On the surface, the book seems to be merely a collection of poetry writing. But on looking into the poems closely, the reader can understand that there is a lot more than just simple poetry writing. The cover of the book in itself comes as a solace giving image firstly, with the image of Jesus being shown in the sky and all earth beings on the land. This includes not only humans but also animals. Somewhere, this suggests the poet’s idea of harmony between humans, animals, and nature. The touch of the color blue completes the image and gives relaxation to the mind of the reader. Even if he is stressed out at all, he gets ready to open the book and read through.
The foreword and the preface, in the beginning, serve to be a fine introduction to the poetry volume. They highlight the remarkable talent of the poet and how he has attempted to impart his acquired knowledge and wisdom from his travels and shared it with his readers through his work. The preface defines poetry as “The World’s Dynamic Process”. This can be interpreted as a modern take on the definition of poetry based on the discretion of present-day writers. Also, there is an elaborate discussion on “Poetic Prayers” in the preface. This seems like an appeal of the poet to the readers to not run after worldly, materialistic pleasures and rather take the path that would bring them closer to God and nature and hence give them much more tranquility. In a brief forward by Rev. Brady E. Coleman, he writes,
“Like a cup of cool water to one who is thirsty, I hope that this poetry book gives you spiritual refreshment and rejuvenation.”

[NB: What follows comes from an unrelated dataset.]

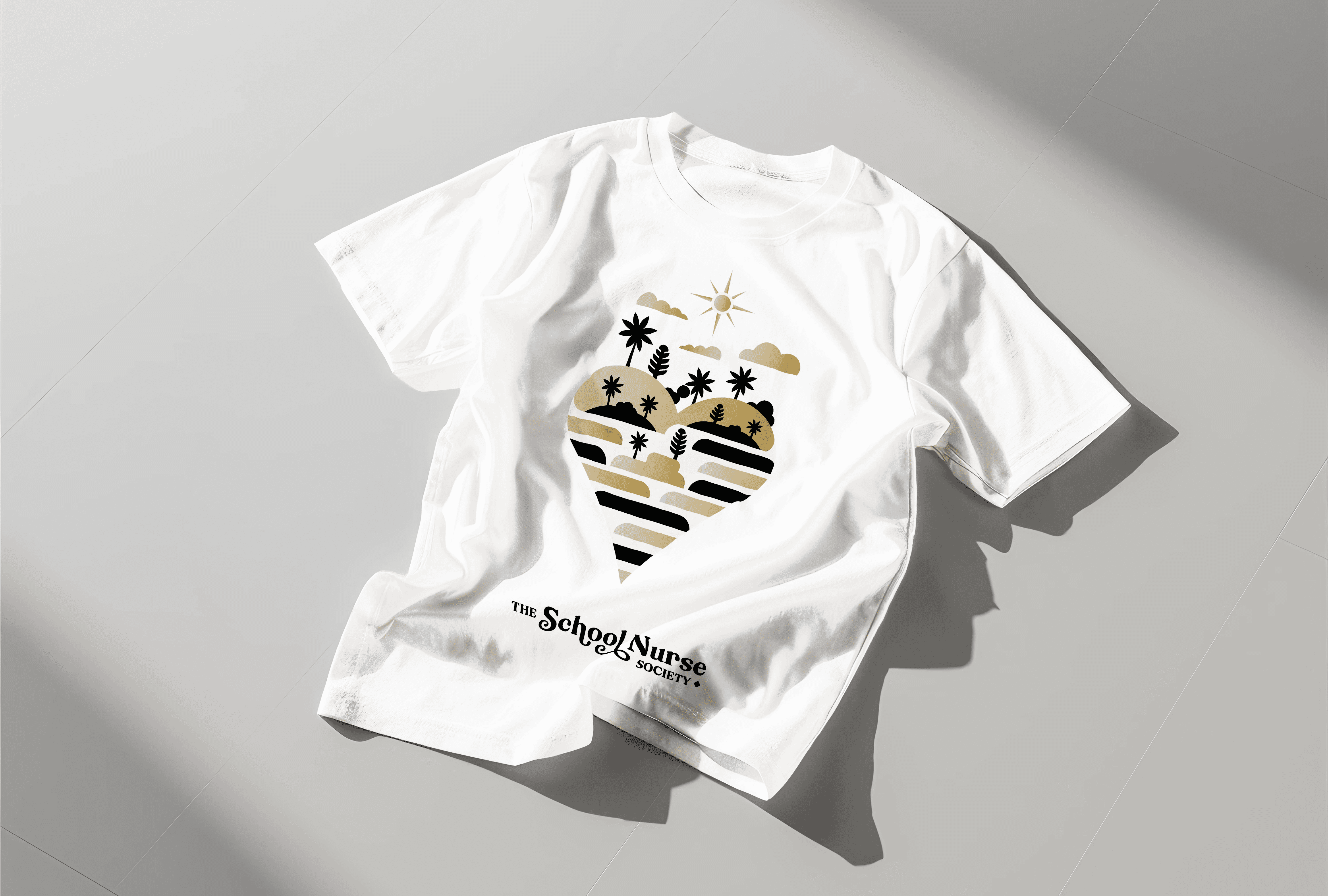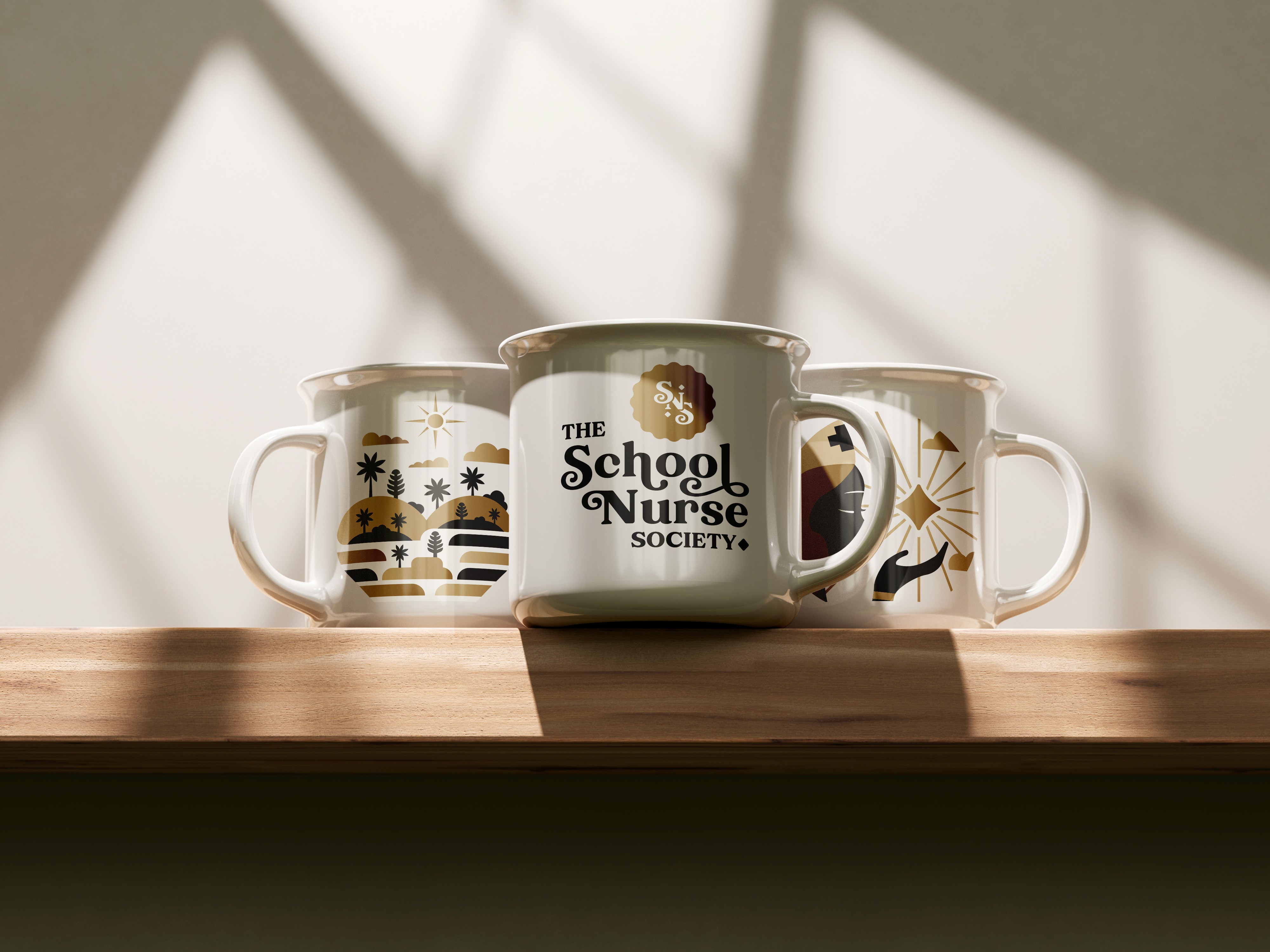 Since the target audience is traveling school nurses, the rising sun was designed to be evocative of a compass. And finally, the negative space that makes up the horizon brings to mind the contours of a book lying open on a table, in reference to how school nurses help the cause of learning at schools across the world.

This becomes a clear indication of the refreshing experience that this volume of poetry is going to be for the reader.
The poems are divided into 5 sections. He explores the different sides of his poetry writing kyu in these 5 sections. In the first section, he explores the spiritual side. In the second section, he explores his evolved genre of Poetic Prayer. In the third, he explores his invented poetic forms. This is perhaps where he has experimented the most and shows the influence of the literary canon on his poetic style. Section four has epulaeryu poems and section five is more of a poetic glossary.

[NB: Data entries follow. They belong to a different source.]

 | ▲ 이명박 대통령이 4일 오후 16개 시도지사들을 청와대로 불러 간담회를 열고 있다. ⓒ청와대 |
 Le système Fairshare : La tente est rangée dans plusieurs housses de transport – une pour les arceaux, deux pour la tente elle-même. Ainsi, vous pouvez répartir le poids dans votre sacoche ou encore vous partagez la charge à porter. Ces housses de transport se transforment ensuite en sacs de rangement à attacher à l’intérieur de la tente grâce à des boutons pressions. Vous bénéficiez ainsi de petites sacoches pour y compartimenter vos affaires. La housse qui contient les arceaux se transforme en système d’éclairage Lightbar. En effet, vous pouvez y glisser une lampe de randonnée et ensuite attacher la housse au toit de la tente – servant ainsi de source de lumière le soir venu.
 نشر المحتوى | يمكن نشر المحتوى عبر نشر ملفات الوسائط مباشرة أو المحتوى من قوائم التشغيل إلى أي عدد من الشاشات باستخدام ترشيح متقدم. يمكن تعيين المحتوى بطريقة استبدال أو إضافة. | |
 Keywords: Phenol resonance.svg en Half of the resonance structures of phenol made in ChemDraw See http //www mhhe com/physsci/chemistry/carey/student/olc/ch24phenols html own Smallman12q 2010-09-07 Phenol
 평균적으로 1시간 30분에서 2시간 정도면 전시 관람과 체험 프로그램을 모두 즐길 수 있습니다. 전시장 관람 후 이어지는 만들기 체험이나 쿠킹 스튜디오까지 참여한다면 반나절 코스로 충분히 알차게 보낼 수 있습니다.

The beauty of Spence Sr. lies in the fact that he does not follow any definite poetic meter and chooses to write as per his natural ability. There can be short poems like “Church Dinner” or “The best taste” and at the same time, poems like “Your time has come” or “Concluding Prayer”. This only adds and makes his poems appear much more original and a treat to the lovers of poetry. At times, his poems in “Sincerely Speaking Spirituality” are very short and crisp and sometimes they become equivalent to a prose text. The poet writes some very beautiful lines in poems like “Mothers” when he says,
“Resting a child’s head, they simmer
a cry with such a hush.”
And in “Covenant Made”,
“The mandate was laid.
A covenant with God made
To share and persuade.
His love came down upon us.
Blessing others in His trust!”
His dramatic monologue, “Escaped in a basket: Paul Bringing God’s Light” is on masterpiece which reminds the reader of Robert Browning.
The presence of the power of God pervades almost all the poems and it keeps on making the reader feel positive about everything around him.

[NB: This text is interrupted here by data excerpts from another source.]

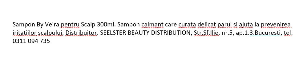 sampon By Veira Scalp Care – ingrijire delicata pentru scalp sensibil, reducerea mancarimii si electricitatii parului, protectie pentru culoarea parului
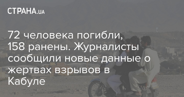 К полуночи пятницы, 27 августа число жертв взрывов в аэропорту столицы Афганистана - Кабула достигло 72 человек. Еще 158 числятся пострадавшими.
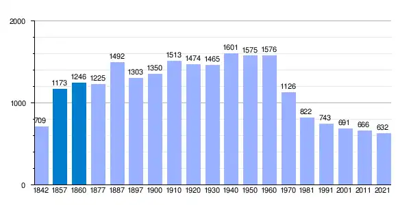| Gráfica de evolución demográfica de Matilla de los Caños del Río[9] entre 1842 y 2021 |
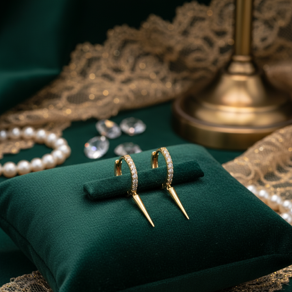 Turn heads with our Gold Spike Huggie Hoop Earrings, the perfect fusion of dainty sparkle and daring edge. Crafted from high-quality gold-plated sterling silver and encrusted with brilliant cubic zirconia stones, these hoops feature a sleek spike drop that adds just the right amount of attitude to your everyday or evening look.
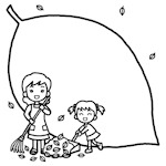 枠・ふきだし、秋の季節・行事(秋1)のイラストです。紅葉、どんぐり拾い、落ち葉、いも掘り、 など。
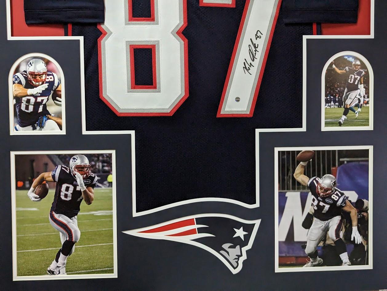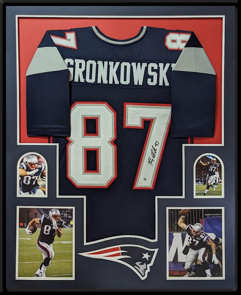Custom frame measures 34” x 42” in size and features a jersey that has been hand-signed by Rob Gronkowski.
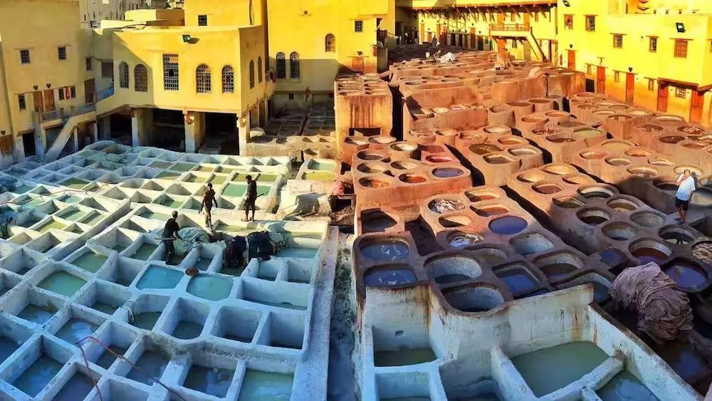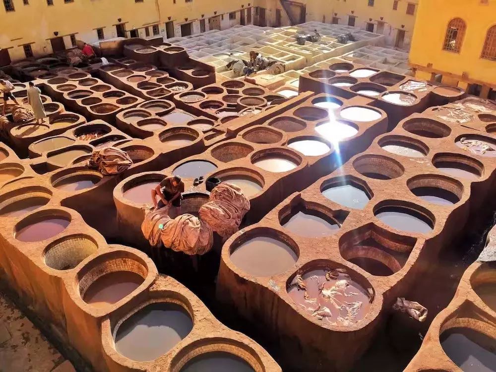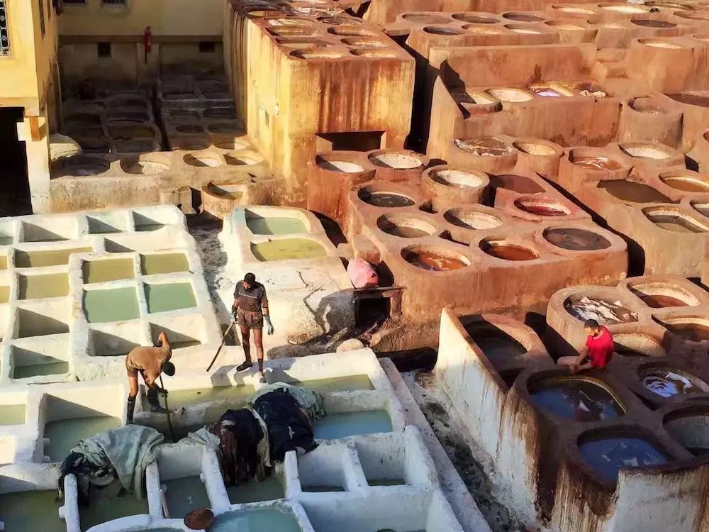 看着染匠们站在五颜六色的染缸里,将一块块完整的牛羊皮革放进去,再将已浸泡好的皮革拎出来,劳作的工人完全赤脚站在染缸中,在摩洛哥灼热的阳光下辛苦工作,忍受着染缸散发着的刺鼻气味。我怀疑这种传统技术是否有大规模存在的必要,毕竟现代印染技术已经很发达了。这些染缸还继续存在的理由只能是文化遗产的传承,游客需要亲身感受这种工艺,才能真切体会现代之前,纯手工时代那种辛苦和原始。

At the same time in the majority of his poems, the poet keeps the reader informed about the verse form he has used while writing that poem. This educates the unaware reader at the same time. This will make sure that the audience reading the poetry volume is much wiser and beyond literary people. Grown-up people are much more likely to find interest in reading the poems as they are not just about simple reading, but understanding the thought of the poet too.